Friday 12th June 2026, London

The Intermediary Mortgage Lenders Association (IMLA) has published a detailed report and accompanying five-minute guide to help mortgage advisers, and anyone working in the industry, to understand swap rates, and why they matter more than Bank Rate when it comes to the pricing of fixed-rate mortgages.

Many borrowers assume that fixed mortgage rates move in line with the Bank of England’s Bank Rate. In practice, fixed-rate products are priced using swap rates, which are set by financial markets and can move sharply and rapidly in response to global events, regardless of what the Bank of England does. When swap rates spike, lenders must reprice their products or withdraw them entirely, sometimes at very short notice.

This disconnect is one of the most common sources of confusion for borrowers, and one of the hardest things for advisers to explain quickly and clearly. The new IMLA publications are designed to help.

The practical significance of this disconnect was illustrated sharply in early 2026. Following the outbreak of conflict involving the US, Israel and Iran, two-year swap rates rose from around 3.6% in early March to more than 4.5% by early May. Average two-year fixed mortgage rates rose from 3.97% to 5.14% over the same period – an increase of more than 1.1 percentage points. Tracker mortgage rates, which follow Bank Rate directly, were unaffected.

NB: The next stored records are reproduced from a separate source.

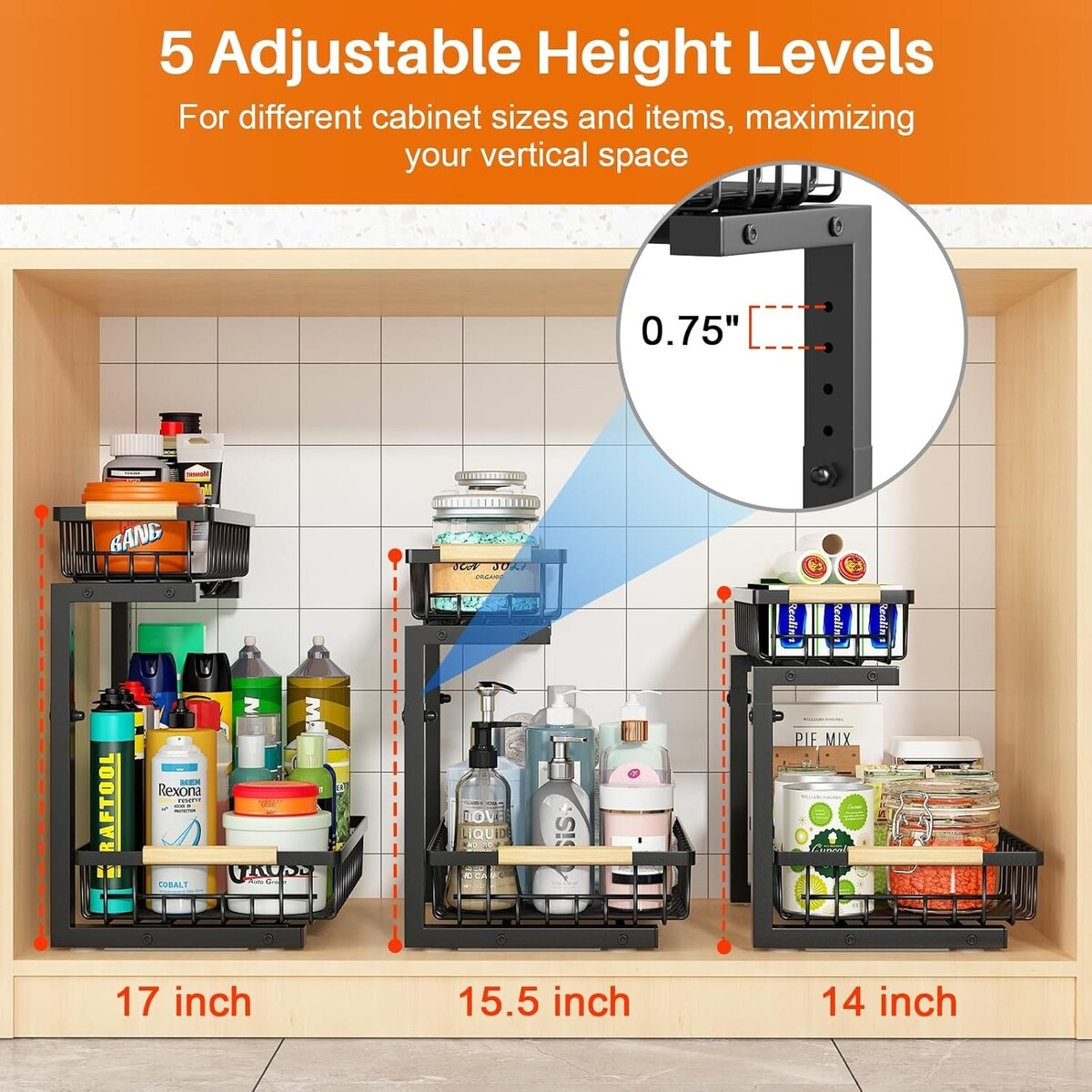 Sturdy Under Sink Organizer: Height Adjustable 2 Tier Storage for Kitchen & Bath
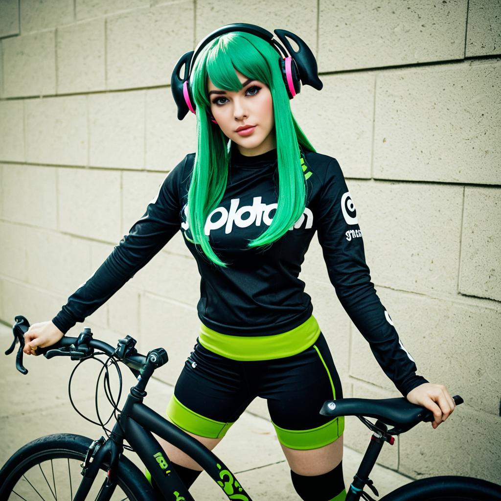 Photo-realistic cosplay photo of person in agent 3 (splatoon) costume. 1girl, pointy ears, tentacle hair, long hair, green hair, blunt bangs, bike shorts, long sleeves, squidbeak splatoon, squidbeak splatoon, headgear
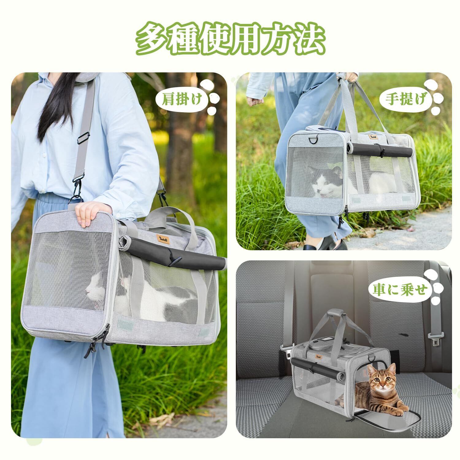 【在庫処分】Tresbro 猫 キャリー [アップグレード版] 猫 きゃりーバッグ ロック式ダブルファスナー カーテン付きの 猫 移動用キャリー 犬用キャリーバック 変形しない 通気性 車載/旅行/通院/防災害避難用 ペットバッグ 猫用 犬用 小型犬用 手提げ キャリー ショルダー(グレー) | wakuwakuland
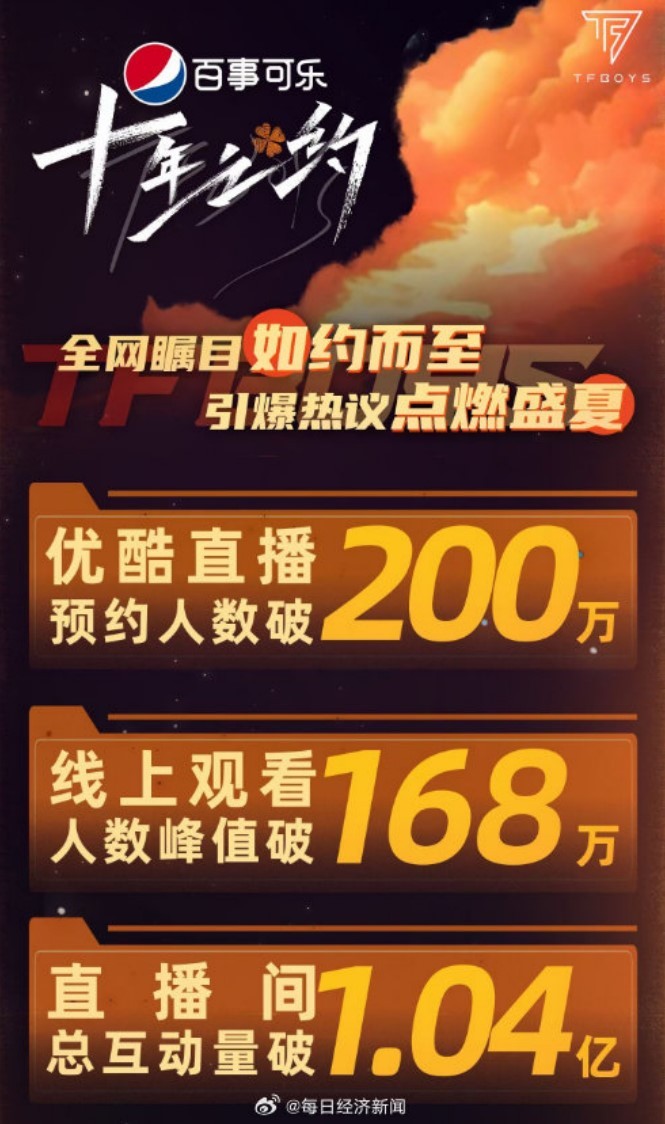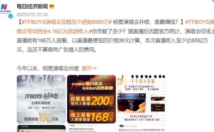 据每日经济新闻报道,据直播后优酷官方统计,演唱会仅线上直播就有168万人观看,以直播最便宜的价格39元计算,本次直播收入至少达6552万元,这还不算商务广告植入的费用。
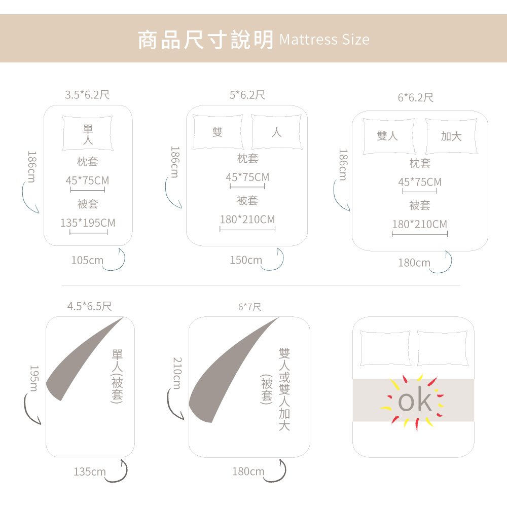 單人薄床包3.5x6.2尺(105x186cm) x1 / 可包覆床墊厚度:約28cm±5%
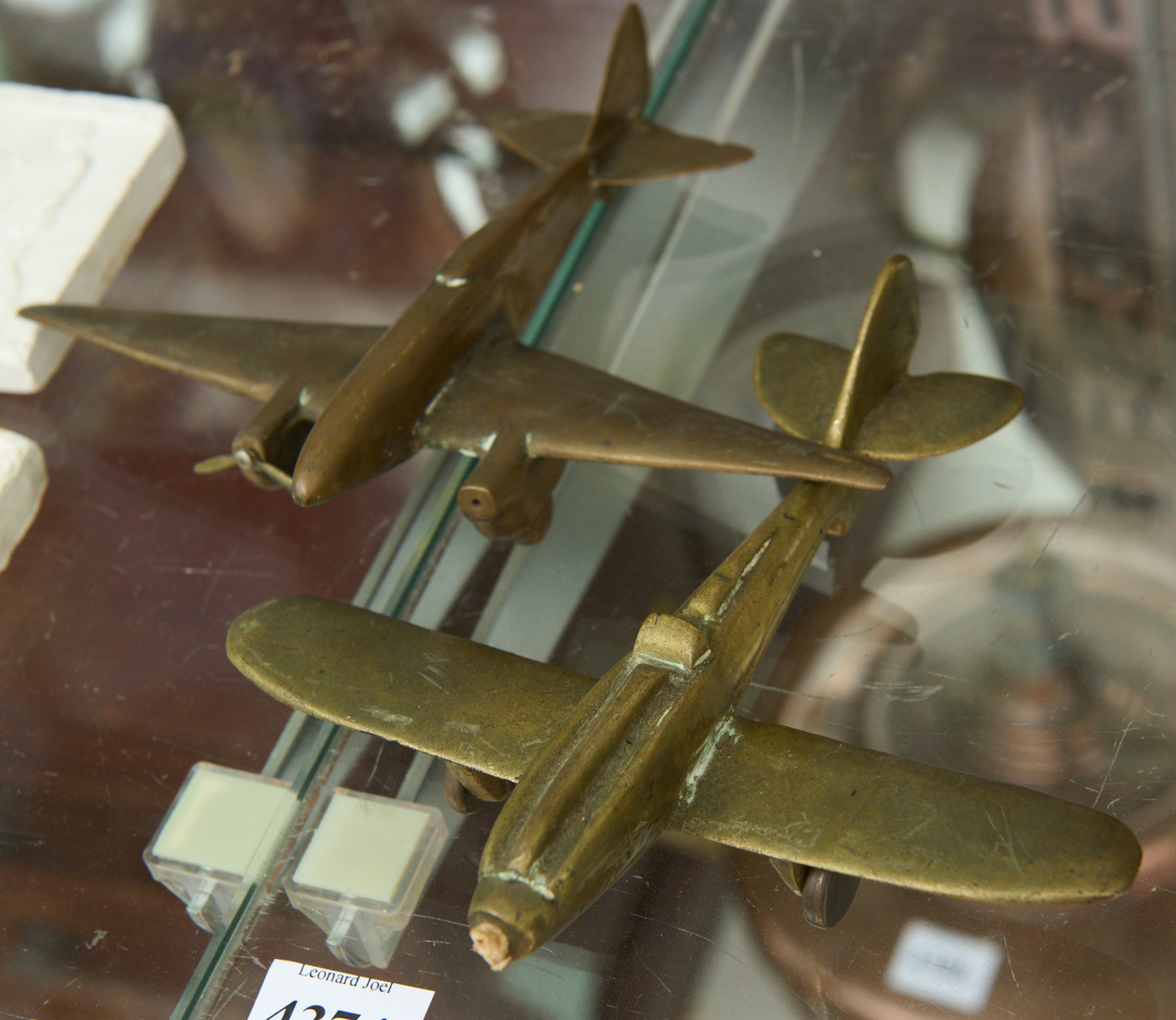 A PAIR OF BRASS DESK ORNAMENT AIRPLANES H.14CM, LEONARD JOEL LOCAL DELIVERY SIZE: SMALL. The Rodney Permezel Collection
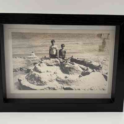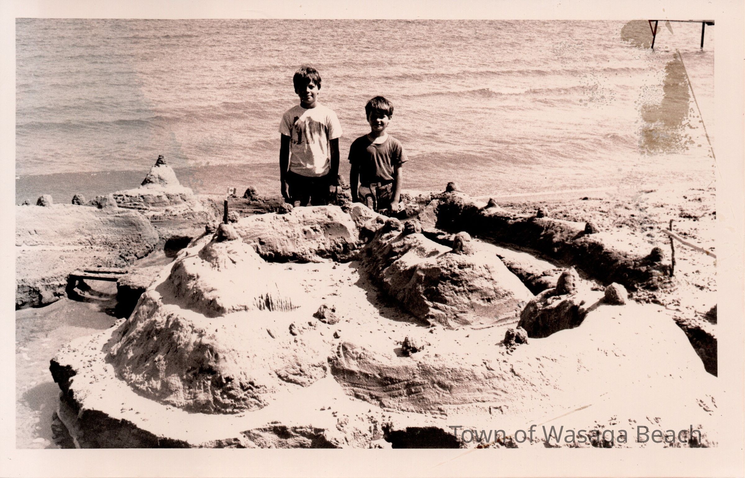 The black and white photograph shows two children standing on the beach near a large sandcastle. The beach water seen nearby in the background.Acquisition

How lenders fund fixed-rate mortgages: Swap rates explained, written by Rob Thomas, principal researcher at IMLA and a former economist at the Bank of England, sets out in authoritative detail why fixed-rate mortgage pricing behaves as it does. It explains how most UK lenders fund themselves using deposits and other variable-rate sources, how the swap market allows them to offer fixed-rate products, and why sudden movements in swap rates can force product withdrawals at short notice.

Swap Rates Explained: A Five-Minute Read provides a concise summary of the key points for advisers who need a clear, accessible explanation they can draw on in client conversations without working through the full technical detail.

Kate Davies, executive director of IMLA, said:

“Swap rates have become part of the everyday language of the mortgage market, yet they remain poorly understood outside a relatively small group of specialists. When mortgage rates rise or products are suddenly withdrawn, borrowers want answers, and advisers need to be able to provide them confidently.

“The problem is that the real explanation – that fixed-rate mortgage pricing follows swap rates, not Bank Rate – is not well understood even by many professionals. Rob’s report provides a clear and authoritative account of how fixed-rate mortgages are funded and why swap rates play such a central role in their pricing.

“We recognise that not everyone wants to work through a detailed technical paper, which is why we have also produced a five-minute guide covering the essentials. Together, the two publications give advisers the material they need to have that conversation with confidence.”

Both publications are available to download free of charge from the IMLA website at www.imla.org.uk.